На главную / Биографии и мемуары / Корней Чуковский. Воспоминания о писателях

Корней Чуковский. Воспоминания о писателях

| Печать |


Юность Алексея Толстого

Около полувека назад в деревне Лутахенде, где я жил, в Финляндии, недалеко от Куоккалы, поселился осанистый и неторопливый молодой человек с мягкой рыжеватой бородкой, со спокойными и простодушными глазами, с большим — во всю щеку — деревенским румянцем, и наша соседка по даче, завидев его как-то на дороге, сказала, что он будто бы граф и что будто бы его фамилия Толстой.

Жил он неподалеку, на Козьем болоте, в лесу, в доме старухи Койранен, и окрестные дачницы — в большинстве случаев жены писателей — тогда же в один голос решили, что он только притворяется графом, потому что не может же граф, да еще с такой знаменитой фамилией, жить на Козьем болоте, в закоптелой хибарке у старухи Койранен, в лесу.

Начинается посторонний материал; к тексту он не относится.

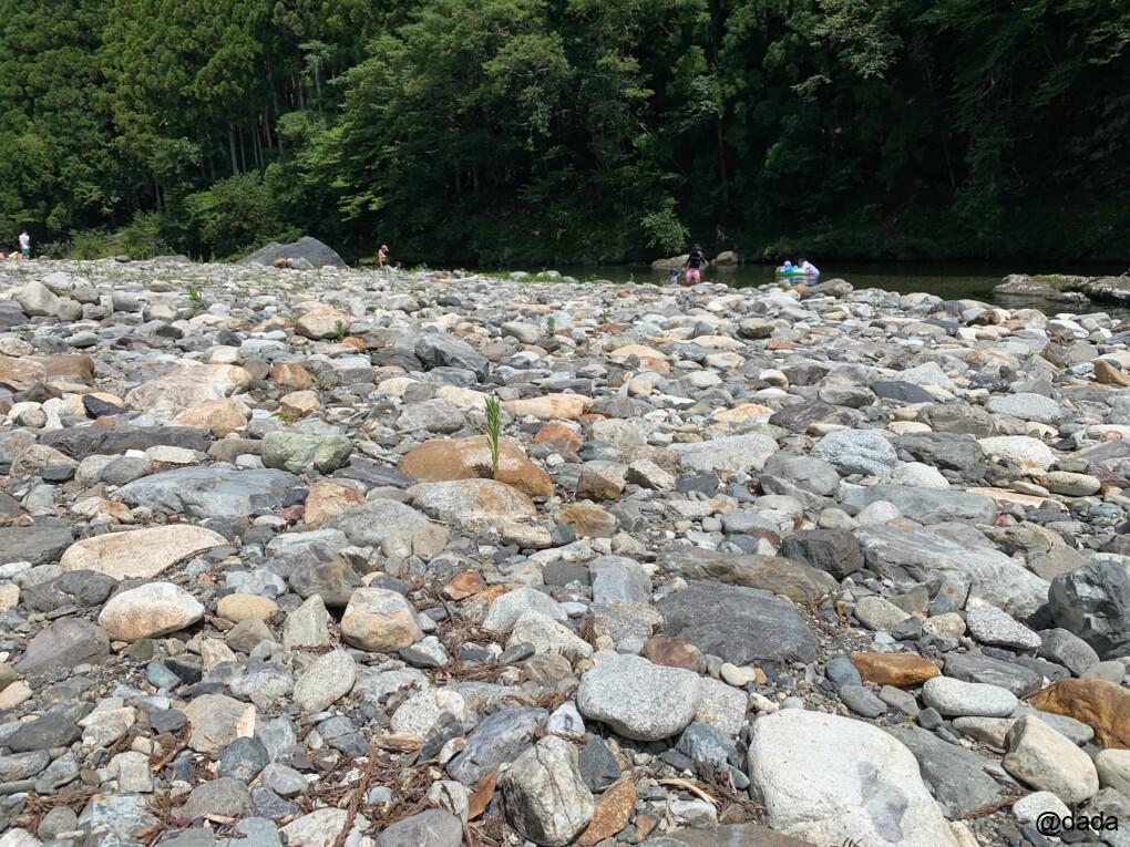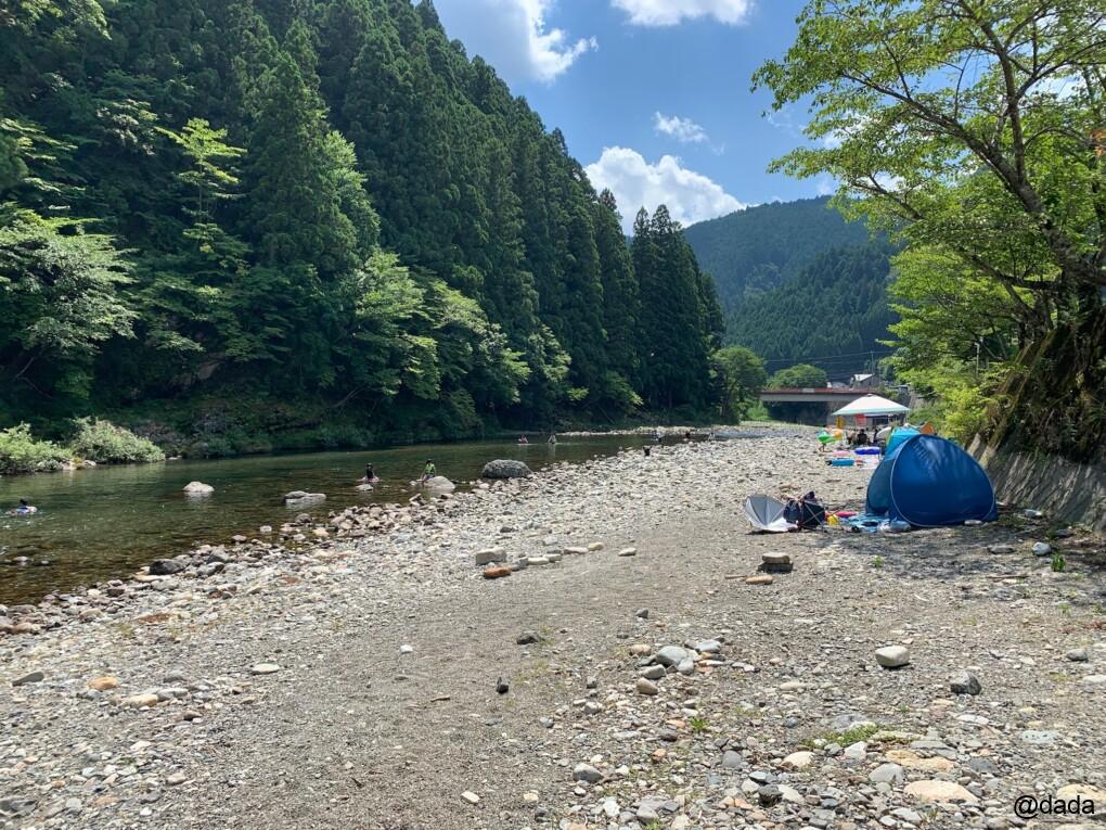 後ほど詳しくご紹介しますが、川に近いエリアは石がごろごろしすぎてて、テントやタープの設営はほぼ無理(*_*)

Вскоре его привел ко мне небезызвестный в то время поэт Александр Степанович Рославлев, рыхлый мужчина огромного роста, но не слишком большого ума и таланта, третьестепенный эпигон символистов. Рославлев жил тут же, в Лутахенде, и странно было видеть, с какой наивной почтительностью относился к нему юный Толстой. Очевидно, Толстому импонировало то обстоятельство, что Росласлев был писатель, печатался в газетах и журналах и вращался в литературной среде. Толстой часто сиживал у него на террасе, а тот хриплым и напыщенным басом декламировал перед ним свои убого-ницшеанские вирши:

Воскресни, зверь, и, солнце возлюбя,

Отчерти вес, что божески казалось.

И запивал свою декламацию пивом.

Впоследствии, когда наше знакомство упрочилось, мы увидели, что этот юный Толстой человек необыкновенно покладистый, легкий, компанейский, веселый, но в те первые дни знакомства в его отношениях к нам была какая-то напряженность и связанность — именно потому, что мы были писателями. Очевидно, все писатели были для него тогда в ореолах и нашу профессию считал он заманчивее всех остальных. Помню, увидев у меня на столе корректурные гранки, присланные мне из журнала «Весы», он сказал, что самые эти слова «гранки», «верстка», «корректура», «редакция», «корпус», «петит» кажутся ему упоительными. Всем своим существом, всеми помыслами он стремился в ту пору к писательству, и вскоре я мог убедиться, как серьезно относится он к своему будущему литературному поприщу.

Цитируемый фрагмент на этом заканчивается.